Work to be completed
Locate the line containing "The spoke asks, 'What's" in the material below. Copy that line and all following lines through the end exactly, omitting any pictures.

Available data
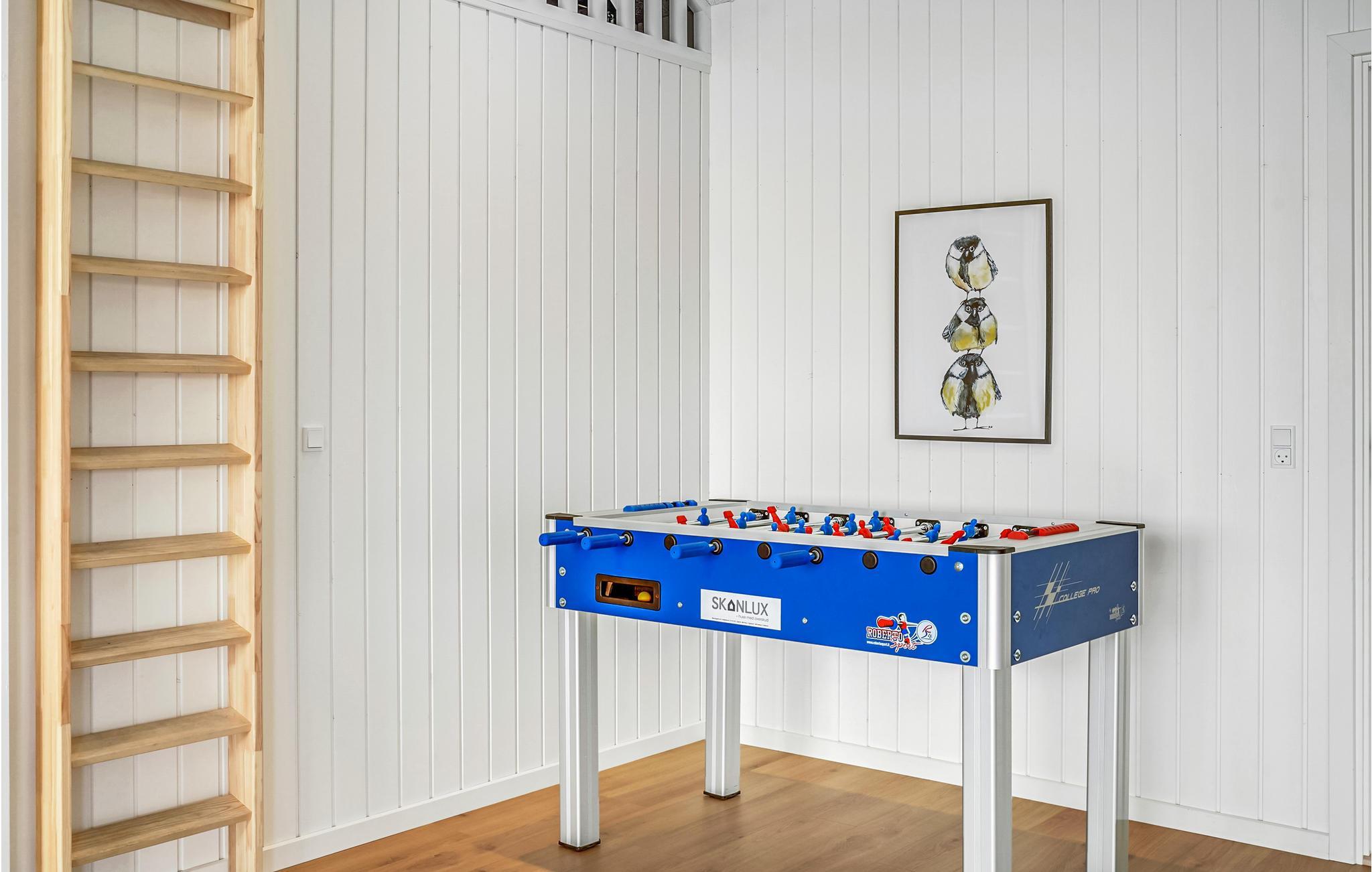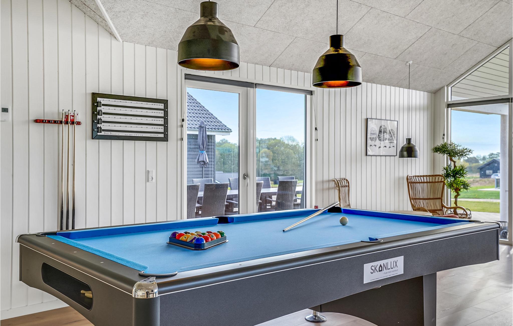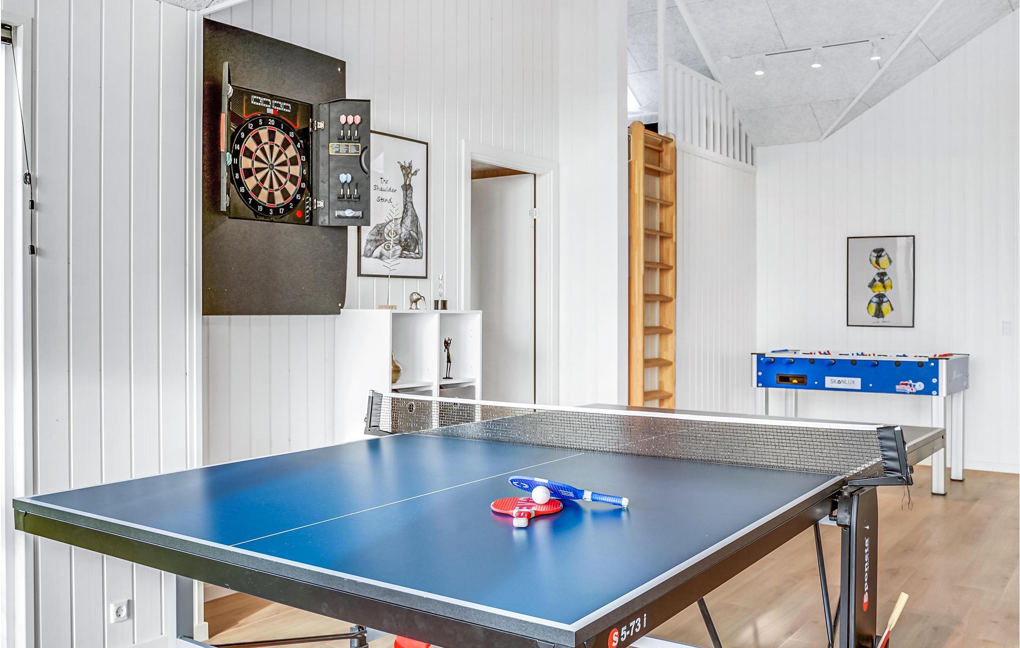 Dette fremragende sommerhus lader intet tilbage at ønske, hvis I drømmer om at holde ferie med en stor gruppe venner. Her kan I nemlig se frem til virkelig flotte faciliteter og en lang række aktivitetsmuligheder. De 10 soveværelser og fire badeværelser sørger for god plads til alle. Brug dagene på hyggelige stunder, der kan omfatte alt fra billard i aktivitetsrummet, tilbagelænet afslapning i spabadet, motion og vandplaskeri i indendørspoolen eller sol på terrassen, hvor der både står havemøbler og en grill.
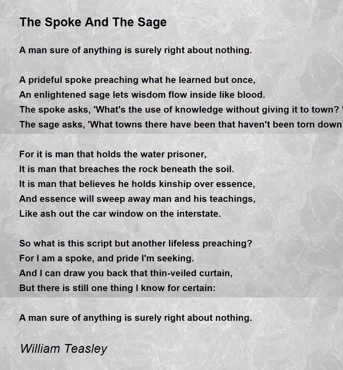 The spoke asks, 'What's the use of knowledge without giving it to town? '
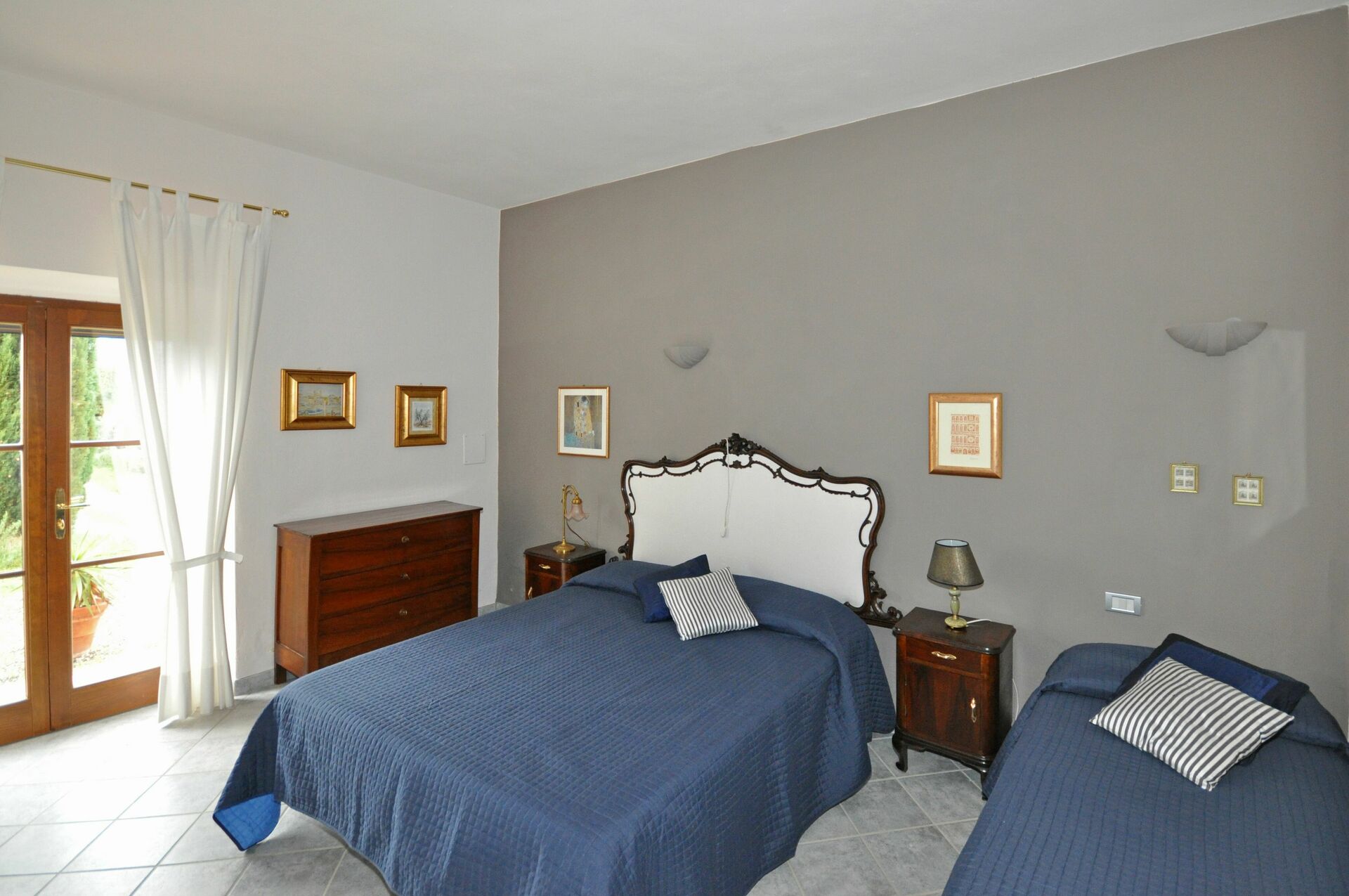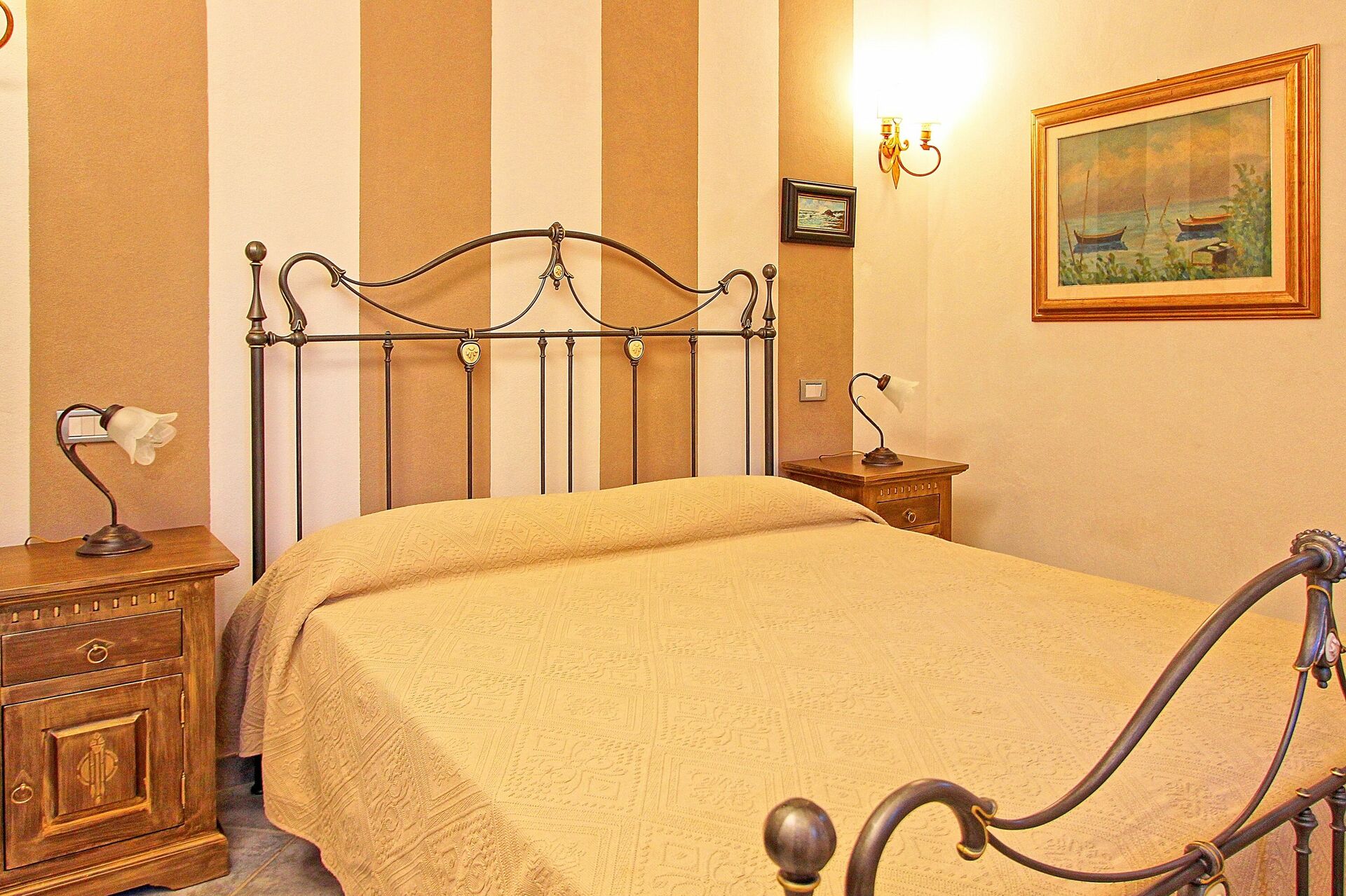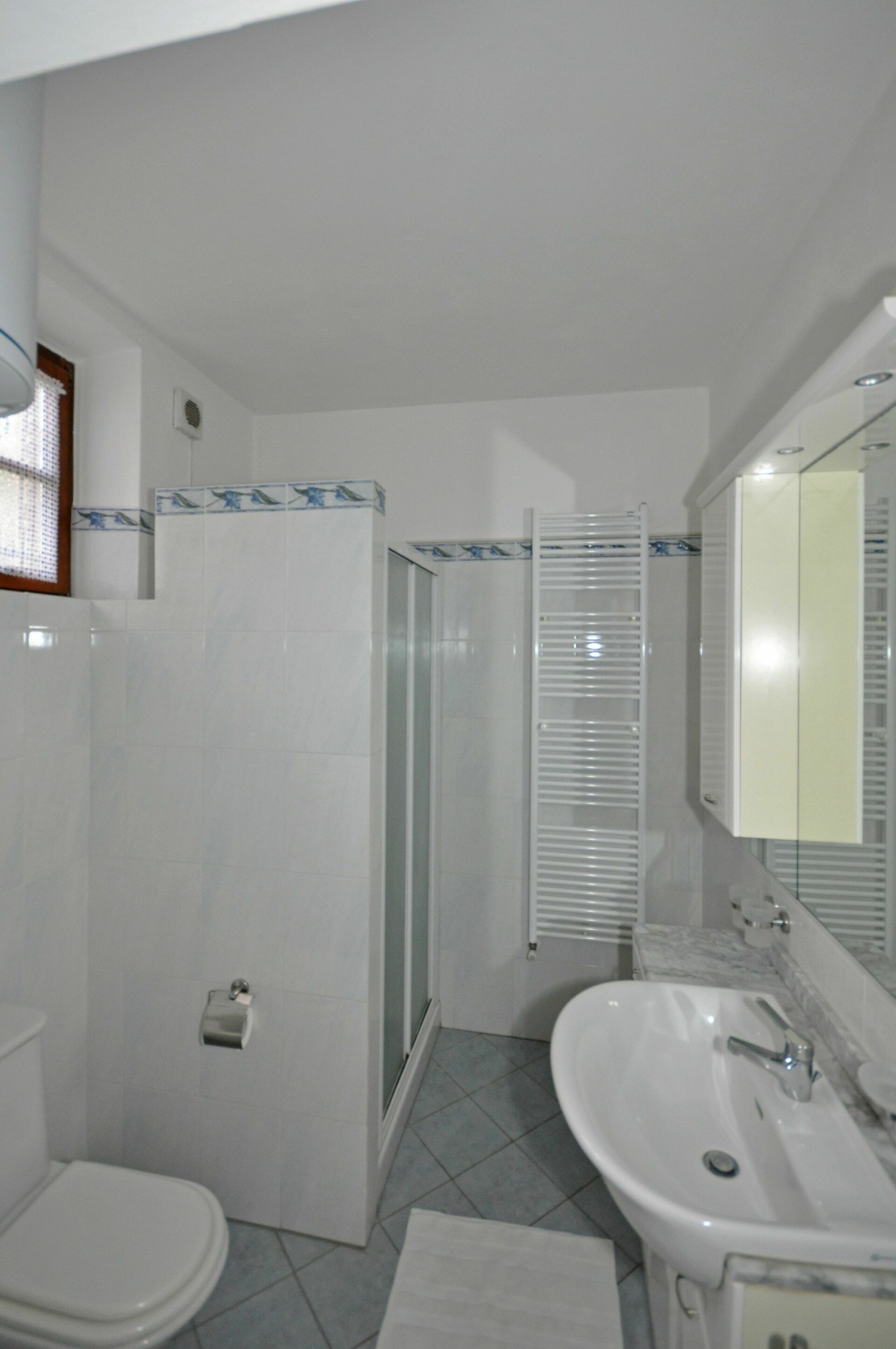 2 trinn ned (fra soverommet i gangen): soverom med dobbeltseng (sengen kan skilles på forespørsel; dette soverommet har utendørs tilgang), bad med dusj (uten bidet).

Result
 The spoke asks, 'What's the use of knowledge without giving it to town? '
 2 trinn ned (fra soverommet i gangen): soverom med dobbeltseng (sengen kan skilles på forespørsel; dette soverommet har utendørs tilgang), bad med dusj (uten bidet).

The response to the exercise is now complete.